• _Source material_:
◇ ◇ ◇ ◇ ◇ ◇ ◇
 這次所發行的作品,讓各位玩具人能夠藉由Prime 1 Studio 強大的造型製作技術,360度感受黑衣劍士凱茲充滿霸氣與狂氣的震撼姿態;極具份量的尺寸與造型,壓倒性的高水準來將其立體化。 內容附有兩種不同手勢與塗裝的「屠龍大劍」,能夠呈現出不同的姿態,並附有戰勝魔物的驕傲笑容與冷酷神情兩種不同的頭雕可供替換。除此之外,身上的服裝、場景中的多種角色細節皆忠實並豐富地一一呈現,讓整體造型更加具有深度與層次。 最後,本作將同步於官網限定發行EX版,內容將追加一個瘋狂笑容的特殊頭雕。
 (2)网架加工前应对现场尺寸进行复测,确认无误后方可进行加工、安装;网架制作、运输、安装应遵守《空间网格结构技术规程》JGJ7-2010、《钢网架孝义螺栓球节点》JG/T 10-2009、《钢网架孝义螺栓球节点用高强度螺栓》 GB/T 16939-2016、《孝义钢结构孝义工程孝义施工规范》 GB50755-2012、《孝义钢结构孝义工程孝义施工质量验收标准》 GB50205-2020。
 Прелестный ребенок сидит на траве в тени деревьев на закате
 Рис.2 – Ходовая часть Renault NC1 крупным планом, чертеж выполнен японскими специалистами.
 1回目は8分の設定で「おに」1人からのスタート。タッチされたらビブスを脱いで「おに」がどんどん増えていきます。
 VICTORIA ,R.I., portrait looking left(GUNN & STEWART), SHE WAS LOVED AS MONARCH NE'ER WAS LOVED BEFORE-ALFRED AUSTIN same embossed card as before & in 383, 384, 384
◇ ◇ ◇ ◇ ◇ ◇ ◇
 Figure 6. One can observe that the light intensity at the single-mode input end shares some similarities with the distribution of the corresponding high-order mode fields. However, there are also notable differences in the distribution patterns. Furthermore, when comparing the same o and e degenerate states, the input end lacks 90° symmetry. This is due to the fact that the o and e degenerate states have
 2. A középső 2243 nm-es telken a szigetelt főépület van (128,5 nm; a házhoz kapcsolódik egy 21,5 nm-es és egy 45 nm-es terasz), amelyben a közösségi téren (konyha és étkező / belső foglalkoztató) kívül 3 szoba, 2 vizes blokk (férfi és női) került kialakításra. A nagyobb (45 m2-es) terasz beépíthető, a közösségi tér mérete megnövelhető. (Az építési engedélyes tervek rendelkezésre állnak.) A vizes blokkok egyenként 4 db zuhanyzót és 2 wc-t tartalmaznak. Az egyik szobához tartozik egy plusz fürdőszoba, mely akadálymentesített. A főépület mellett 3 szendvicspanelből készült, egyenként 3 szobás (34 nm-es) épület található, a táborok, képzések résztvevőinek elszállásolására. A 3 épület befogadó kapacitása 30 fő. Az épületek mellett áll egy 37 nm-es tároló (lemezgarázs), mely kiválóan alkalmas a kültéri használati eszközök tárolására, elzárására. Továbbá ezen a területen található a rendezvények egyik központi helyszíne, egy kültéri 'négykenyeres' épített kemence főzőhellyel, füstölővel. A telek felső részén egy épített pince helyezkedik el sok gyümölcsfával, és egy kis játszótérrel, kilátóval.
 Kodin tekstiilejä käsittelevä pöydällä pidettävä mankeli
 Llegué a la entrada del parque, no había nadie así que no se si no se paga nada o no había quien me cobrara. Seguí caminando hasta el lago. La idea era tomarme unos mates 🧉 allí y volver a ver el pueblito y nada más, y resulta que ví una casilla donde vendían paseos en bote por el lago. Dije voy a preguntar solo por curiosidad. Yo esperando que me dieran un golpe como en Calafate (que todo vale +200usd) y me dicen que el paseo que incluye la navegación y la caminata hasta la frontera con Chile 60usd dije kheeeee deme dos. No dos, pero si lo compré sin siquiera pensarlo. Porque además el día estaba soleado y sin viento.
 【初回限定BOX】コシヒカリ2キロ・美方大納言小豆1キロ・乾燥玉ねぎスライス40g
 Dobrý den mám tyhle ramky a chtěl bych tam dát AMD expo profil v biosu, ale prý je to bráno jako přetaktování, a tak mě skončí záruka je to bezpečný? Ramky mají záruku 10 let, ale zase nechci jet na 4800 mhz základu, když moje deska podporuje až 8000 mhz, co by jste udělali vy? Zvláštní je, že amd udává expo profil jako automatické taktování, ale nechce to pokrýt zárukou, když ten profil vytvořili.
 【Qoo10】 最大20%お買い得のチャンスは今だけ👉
◇ ◇ ◇ ◇ ◇ ◇ ◇
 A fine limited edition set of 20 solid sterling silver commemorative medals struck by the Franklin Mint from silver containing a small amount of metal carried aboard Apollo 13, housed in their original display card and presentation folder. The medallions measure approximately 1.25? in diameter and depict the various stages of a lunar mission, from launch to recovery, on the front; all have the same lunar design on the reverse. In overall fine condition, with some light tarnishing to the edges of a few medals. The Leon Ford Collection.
◇ ◇ ◇ ◇ ◇ ◇ ◇
• _What you are asked to do_:
Copy the records above exactly, beginning at the line that contains "1回目は8分の設定で「おに」" and stopping after the line that contains "VICTORIA ,R.I., portrait".

• _Your response_:
 1回目は8分の設定で「おに」1人からのスタート。タッチされたらビブスを脱いで「おに」がどんどん増えていきます。
 VICTORIA ,R.I., portrait looking left(GUNN & STEWART), SHE WAS LOVED AS MONARCH NE'ER WAS LOVED BEFORE-ALFRED AUSTIN same embossed card as before & in 383, 384, 384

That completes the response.